我正在编写一个处理字符串的算法,它崩溃了(可能是因为Prolog中的一个怪癖导致字符串密集型算法崩溃)。如何修改算法,使其不会崩溃

该算法将
替换为
,将
\\
-
替换为空,并断开
\n\n
上的字符串

它接受输入的文件:

原始来源
1.txt

a
a

B
b
b

C
c
c   
["a
a","B
b
b","C
c
c"] 
并输出文件:

来源
1.txt

a
a

B
b
b

C
c
c   
["a
a","B
b
b","C
c
c"] 
查询:
sheet\u进纸器(\u)。

迄今为止的守则:

sheet_feeder(T) :-
    directory_files("raw_sources/",F),
    delete_invisibles_etc(F,G),
    findall(K1,(member(H,G),        
    atom_concat('raw_sources/',H,String00b),
    phrase_from_file(string(String001), String00b),
    string_codes(String000,String001),
    string_concat(String000,"\n\n",String00_a),
    strip_illegal_chars(String00_a,"",String00),
        split_on_substring(String00,"\n\n",[],J1),
        delete(J1,"",K1),
        term_to_atom(K1,K),
        string_concat("sources/",H,String00bb),
    (open(String00bb,write,Stream1),
    write(Stream1,K),
    close(Stream1))
        ),T).

delete_invisibles_etc(F,G) :-
    findall(J,(member(H,F),
    atom_string(H,J),
    not(J="."),not(J=".."),not(string_concat(".",_,J))),G).

string(String) --> list(String).

list([]) --> [].
list([L|Ls]) --> [L], list(Ls).
    
strip_illegal_chars("",A,A) :- !.
strip_illegal_chars(A,B,E) :-
    string_concat(E1,D,A),
    string_length(E1,1),
    E1="\\",
    string_concat(B,"",F),
    strip_illegal_chars(D,F,E),!.
strip_illegal_chars(A,B,E) :-
    string_concat(E1,D,A),
    string_length(E1,2),
    E1="- ",
    string_concat(B,"",F),
    strip_illegal_chars(D,F,E),!.
strip_illegal_chars(A,B,E) :-
    string_concat(E1,D,A),
    string_length(E1,1),
    ((E1="\"" -> true;
    (E1="“" -> true;
    (E1="”" -> true;
    (E1="‘" -> true;
    (E1="’" -> true;
    (E1="'"))))))),
    string_concat(B,"'",F),
    strip_illegal_chars(D,F,E),!.
strip_illegal_chars(A,B,E) :-
    string_concat(C,D,A),
    string_length(C,1),
    string_concat(B,C,F),
    strip_illegal_chars(D,F,E),!.
    
split_on_substring([],_A,E,[E]) :- !. %% ***?
split_on_substring(A,B,E,C) :-
    append(B,D,A),
    split_on_substring(D,B,[],C1),
    string_codes(E1,E),
    append([E1],C1,C),!.
split_on_substring(A,B,E1,C) :-
    length(E,1),
    append(E,D,A),
    append(E1,E,E2),
    split_on_substring(D,B,E2,C),!.

为了克服性能上的困难,我将字符串存储为字符串代码。

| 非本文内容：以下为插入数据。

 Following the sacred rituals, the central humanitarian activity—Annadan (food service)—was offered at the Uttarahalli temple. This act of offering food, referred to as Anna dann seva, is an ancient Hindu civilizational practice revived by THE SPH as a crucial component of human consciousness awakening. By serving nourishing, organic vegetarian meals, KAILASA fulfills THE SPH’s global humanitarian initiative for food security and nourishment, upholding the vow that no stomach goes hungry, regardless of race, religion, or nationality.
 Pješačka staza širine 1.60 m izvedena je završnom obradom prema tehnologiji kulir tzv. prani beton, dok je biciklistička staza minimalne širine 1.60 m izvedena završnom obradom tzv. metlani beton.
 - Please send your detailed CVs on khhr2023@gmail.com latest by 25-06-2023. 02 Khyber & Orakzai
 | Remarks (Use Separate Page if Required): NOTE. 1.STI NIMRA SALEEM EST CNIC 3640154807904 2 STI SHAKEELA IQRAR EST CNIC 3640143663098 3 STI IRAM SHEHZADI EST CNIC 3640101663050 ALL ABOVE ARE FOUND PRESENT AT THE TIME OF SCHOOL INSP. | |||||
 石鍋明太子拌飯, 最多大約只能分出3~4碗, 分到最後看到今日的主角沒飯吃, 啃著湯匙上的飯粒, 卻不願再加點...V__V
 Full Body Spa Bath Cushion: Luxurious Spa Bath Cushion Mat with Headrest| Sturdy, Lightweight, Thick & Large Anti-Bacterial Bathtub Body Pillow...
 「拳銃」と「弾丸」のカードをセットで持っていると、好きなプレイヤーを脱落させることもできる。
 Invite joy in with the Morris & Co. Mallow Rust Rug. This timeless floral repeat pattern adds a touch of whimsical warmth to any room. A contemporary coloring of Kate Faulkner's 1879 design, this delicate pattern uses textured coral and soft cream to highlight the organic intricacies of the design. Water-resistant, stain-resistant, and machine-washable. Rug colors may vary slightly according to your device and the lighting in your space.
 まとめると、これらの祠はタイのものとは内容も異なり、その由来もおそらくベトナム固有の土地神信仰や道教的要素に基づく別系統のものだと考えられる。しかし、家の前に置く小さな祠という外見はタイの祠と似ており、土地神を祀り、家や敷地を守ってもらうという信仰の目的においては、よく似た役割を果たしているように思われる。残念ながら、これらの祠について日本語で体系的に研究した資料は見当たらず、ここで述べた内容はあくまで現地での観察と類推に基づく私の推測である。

显然,string_concat复制了连接的字符串和连接到它的内容,但append只复制了附加到列表中的内容

解决方案:

sheet_feeder(T) :-
    directory_files("raw_sources/",F),
    delete_invisibles_etc(F,G),
    findall(K1,(member(H,G),        
    atom_concat('raw_sources/',H,String00b),
    phrase_from_file(string(String001), String00b),
    append(String001,`\n\n`,String00_a),
    strip_illegal_chars(String00_a,[],String00),
        split_on_substring(String00,`\n\n`,[],J1),
        delete(J1,"",K1),
        term_to_atom(K1,K),
        string_concat("sources/",H,String00bb),
    (open(String00bb,write,Stream1),
    write(Stream1,K),
    close(Stream1))
        ),T).

delete_invisibles_etc(F,G) :-
    findall(J,(member(H,F),
    atom_string(H,J),
    not(J="."),not(J=".."),not(string_concat(".",_,J))),G).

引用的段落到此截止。